Screening coverage and incidence of cancer
At the time of study, women aged between 20–64 years were eligible for cervical screening. Centralised call and recall was introduced in 1988 and fully implemented by 1990. There are no data in SSWH on the number of women screened and unscreened in the first two periods of the study (1985–87 and 1988–90) because records had not been transferred to the central computer. Therefore, incidence in women previously screened and not screened within 5 years could not be calculated for the first two periods of our study. However, the overall incidence of cancer per 100 000 total female population was known for all periods of the study and has been published in a previous article on the same data set.2 Screening coverage in the third and fourth periods of our study was published nationally in slightly different age groups. Since 1994–95 (national records run from 1 April to 31 March each year), Department of Health’s Annual Statistical Bulletins records the number of women in each health district eligible for screening, which excludes those known to have had a hysterectomy, and the percentage of women aged 25–64 years screened within 5.0 years.8 Between 1991 and 1993, national statistical summaries recorded coverage within 5.5 years in women aged 20–64 years.9 For the present study, coverage in 1991–93 has been calculated from local Wessex Regional Health Authority datasheets for 1991–92 and 1992–93, which records coverage in 5-year age bands, allowing us to exclude women aged 20–24 years.10 Thus, although the interval for screening coverage changed by 6 months, it was possible to calculate the number of women aged 25–64 years screened and not screened in the third and fourth periods of the study. Women invited but not attending for screening are not separated on regional or national records into those never screened and ever screened, so it is not possible to distinguish between women with no previous cytology and those screened more than 5 (or 5.5) years before diagnosis.

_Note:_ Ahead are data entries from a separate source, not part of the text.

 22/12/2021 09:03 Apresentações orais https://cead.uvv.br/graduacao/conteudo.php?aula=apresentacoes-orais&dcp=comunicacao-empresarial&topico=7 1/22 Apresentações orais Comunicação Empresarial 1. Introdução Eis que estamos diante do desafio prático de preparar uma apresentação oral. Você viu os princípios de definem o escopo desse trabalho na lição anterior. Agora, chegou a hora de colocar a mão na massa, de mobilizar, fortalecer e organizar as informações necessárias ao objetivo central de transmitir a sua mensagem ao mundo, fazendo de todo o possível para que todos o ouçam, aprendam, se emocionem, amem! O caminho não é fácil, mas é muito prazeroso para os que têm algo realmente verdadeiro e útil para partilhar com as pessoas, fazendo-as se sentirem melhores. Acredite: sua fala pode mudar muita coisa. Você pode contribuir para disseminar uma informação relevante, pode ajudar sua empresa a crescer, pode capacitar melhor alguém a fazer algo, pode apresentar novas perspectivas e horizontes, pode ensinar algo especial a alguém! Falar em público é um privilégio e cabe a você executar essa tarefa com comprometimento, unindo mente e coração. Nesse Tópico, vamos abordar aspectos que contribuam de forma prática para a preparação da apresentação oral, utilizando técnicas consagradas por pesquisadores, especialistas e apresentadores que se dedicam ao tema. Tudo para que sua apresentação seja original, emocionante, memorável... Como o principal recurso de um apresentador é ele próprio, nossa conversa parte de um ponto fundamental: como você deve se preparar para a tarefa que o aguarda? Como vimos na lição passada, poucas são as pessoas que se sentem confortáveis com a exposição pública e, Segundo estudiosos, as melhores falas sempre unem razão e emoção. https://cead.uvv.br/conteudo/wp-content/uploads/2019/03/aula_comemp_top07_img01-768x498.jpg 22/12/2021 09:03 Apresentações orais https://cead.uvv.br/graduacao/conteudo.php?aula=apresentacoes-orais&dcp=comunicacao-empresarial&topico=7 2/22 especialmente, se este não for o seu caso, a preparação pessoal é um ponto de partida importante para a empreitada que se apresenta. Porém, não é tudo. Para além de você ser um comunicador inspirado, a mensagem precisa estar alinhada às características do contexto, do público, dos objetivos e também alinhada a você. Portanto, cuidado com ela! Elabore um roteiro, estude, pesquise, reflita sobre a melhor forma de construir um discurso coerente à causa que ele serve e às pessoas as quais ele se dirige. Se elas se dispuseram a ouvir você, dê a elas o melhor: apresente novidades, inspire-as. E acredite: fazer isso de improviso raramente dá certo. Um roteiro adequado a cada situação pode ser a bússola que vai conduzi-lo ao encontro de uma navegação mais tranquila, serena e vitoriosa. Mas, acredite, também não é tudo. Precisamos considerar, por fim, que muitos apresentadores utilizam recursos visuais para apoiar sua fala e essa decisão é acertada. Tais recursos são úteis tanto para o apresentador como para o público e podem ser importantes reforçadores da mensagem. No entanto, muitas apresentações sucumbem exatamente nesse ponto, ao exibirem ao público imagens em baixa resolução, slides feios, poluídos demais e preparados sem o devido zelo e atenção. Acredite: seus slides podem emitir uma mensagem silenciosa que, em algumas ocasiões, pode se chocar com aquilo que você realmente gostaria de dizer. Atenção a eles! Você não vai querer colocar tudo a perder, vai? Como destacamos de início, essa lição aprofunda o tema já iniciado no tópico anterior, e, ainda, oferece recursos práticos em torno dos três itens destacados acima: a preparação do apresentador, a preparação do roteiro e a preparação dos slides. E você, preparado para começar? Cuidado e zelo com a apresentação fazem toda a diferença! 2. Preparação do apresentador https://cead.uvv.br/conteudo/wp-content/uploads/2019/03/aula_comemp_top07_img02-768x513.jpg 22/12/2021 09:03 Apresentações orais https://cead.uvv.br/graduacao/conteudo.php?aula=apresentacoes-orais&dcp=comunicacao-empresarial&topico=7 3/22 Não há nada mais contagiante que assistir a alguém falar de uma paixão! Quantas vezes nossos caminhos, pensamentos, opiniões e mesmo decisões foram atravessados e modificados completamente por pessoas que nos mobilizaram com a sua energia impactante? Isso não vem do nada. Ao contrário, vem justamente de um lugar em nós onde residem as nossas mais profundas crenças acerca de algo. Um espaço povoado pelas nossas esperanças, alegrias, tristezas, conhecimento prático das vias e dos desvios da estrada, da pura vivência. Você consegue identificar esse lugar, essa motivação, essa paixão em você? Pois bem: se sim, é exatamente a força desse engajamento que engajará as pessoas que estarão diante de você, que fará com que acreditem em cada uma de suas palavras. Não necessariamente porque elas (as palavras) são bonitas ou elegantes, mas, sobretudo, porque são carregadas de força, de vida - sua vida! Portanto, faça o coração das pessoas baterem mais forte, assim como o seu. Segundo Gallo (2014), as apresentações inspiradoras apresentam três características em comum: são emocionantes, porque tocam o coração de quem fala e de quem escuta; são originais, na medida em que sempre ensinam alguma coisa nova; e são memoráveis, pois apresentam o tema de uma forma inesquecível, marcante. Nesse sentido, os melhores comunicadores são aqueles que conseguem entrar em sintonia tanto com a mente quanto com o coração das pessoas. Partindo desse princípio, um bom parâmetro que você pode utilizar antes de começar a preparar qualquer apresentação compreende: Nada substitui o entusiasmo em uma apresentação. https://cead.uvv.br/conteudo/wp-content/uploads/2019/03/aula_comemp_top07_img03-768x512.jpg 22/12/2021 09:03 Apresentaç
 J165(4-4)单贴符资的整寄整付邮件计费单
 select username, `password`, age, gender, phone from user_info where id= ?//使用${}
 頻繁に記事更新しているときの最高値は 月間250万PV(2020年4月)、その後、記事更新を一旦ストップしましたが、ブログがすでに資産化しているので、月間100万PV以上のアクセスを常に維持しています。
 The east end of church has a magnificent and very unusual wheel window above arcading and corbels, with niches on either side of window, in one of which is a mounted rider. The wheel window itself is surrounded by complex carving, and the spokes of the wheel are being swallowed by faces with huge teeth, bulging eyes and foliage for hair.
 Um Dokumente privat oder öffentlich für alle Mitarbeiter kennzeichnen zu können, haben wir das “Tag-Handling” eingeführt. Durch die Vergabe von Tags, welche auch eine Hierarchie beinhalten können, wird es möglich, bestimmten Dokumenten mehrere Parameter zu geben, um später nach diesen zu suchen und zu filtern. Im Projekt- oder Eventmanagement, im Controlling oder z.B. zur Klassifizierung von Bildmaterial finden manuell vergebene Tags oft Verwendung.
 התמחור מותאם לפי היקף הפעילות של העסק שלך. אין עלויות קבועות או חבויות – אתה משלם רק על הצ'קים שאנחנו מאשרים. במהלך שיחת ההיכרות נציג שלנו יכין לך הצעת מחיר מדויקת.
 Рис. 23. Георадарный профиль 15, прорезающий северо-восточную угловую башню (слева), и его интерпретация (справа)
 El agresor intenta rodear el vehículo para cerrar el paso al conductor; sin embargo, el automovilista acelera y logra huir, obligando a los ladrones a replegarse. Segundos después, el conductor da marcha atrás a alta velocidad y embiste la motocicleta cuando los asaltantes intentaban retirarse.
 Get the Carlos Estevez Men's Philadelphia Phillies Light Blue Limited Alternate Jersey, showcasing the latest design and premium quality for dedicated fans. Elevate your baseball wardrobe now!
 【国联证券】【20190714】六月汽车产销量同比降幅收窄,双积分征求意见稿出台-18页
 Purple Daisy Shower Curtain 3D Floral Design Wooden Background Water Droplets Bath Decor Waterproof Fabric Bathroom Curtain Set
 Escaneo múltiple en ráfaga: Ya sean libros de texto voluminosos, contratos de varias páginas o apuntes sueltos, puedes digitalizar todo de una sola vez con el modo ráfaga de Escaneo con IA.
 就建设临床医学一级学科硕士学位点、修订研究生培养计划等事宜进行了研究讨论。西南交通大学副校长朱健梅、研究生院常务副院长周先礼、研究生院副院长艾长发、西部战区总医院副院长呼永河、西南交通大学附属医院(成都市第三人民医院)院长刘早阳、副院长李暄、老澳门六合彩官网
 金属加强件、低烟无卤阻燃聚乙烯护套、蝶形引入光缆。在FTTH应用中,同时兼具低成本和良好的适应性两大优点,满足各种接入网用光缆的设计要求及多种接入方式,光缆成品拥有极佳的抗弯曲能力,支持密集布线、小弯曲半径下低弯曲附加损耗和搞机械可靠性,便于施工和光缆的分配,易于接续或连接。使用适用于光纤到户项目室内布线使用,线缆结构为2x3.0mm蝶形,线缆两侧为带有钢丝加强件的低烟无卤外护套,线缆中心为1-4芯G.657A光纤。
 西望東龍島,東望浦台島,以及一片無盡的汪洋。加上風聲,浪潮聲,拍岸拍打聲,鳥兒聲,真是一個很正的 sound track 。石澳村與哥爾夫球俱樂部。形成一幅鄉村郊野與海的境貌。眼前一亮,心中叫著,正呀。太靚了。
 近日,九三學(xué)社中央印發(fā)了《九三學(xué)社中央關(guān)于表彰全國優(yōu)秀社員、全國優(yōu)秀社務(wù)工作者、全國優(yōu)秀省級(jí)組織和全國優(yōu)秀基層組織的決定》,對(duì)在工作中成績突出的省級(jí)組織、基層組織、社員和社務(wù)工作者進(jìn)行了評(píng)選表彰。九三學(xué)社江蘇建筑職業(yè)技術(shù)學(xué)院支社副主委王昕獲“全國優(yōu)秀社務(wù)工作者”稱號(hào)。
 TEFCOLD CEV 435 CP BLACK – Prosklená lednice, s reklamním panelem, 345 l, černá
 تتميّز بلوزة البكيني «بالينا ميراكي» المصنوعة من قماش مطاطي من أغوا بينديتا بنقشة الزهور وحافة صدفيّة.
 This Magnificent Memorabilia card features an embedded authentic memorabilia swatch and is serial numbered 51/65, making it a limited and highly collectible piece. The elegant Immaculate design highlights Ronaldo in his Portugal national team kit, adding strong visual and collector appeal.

Data collection and study groups
Invasive cervical cancers in women resident in SSWH diagnosed between 1985 and 1996 were retrieved and recorded as previously described.1 The findings have been analysed as four age bands: 20–34, 35–49, 50–64 and 65 years and older; and four periods of time: 1985–87, 1988–90, 1991–93 and 1994–96. Cancers were classified as symptomatic, screen-detected fully invasive or screen-detected microinvasive. The decision as to whether the cancers were screen detected was made on clinical grounds as described in the previous paper.1
Cytology tests performed within 6 months were assumed either to be tests leading to the diagnosis of cancer or tests taken during the investigation of symptoms; these are excluded from the screening histories. Screening histories classified on the basis of routine screening tests carried out at least 6 months before diagnosis are as follows:
1No cytology record.
2Previous cytology record but not within 5.5 years of diagnosis.
3Negative cytology reported within 5.5 years of diagnosis.
4Early repeat(s) recommended for low-grade or inadequate cytology within 5.5 years of diagnosis (with no recommendation for colposcopy).
5Recommended for investigation more than 6 months before diagnosis, but no record of treatment.
6Previous treatment of cervical intraepithelial neoplasia (CIN) before diagnosis of cancer.
Categories 3–6 are defined in our study as ‘interval cancers’ and all had cytology tests within 5.5 years. The histories were ascertained from local laboratory records, medical notes and correspondence with GPs at the time of diagnosis.
Cytology slide review
Ninety-four slides from 85 women with negative smears reported within 5.5 years of cancer diagnosis (category 3) were reviewed internally at the time of the original audit. Similarly, 53 slides from 37 women recommended for early repeat smears for low-grade or inadequate cytology (category 4), and 20 negative smears from eight women on follow up after treatment (category 6) were reviewed at the time of the audit. A summary of the original slide review is presented with the results.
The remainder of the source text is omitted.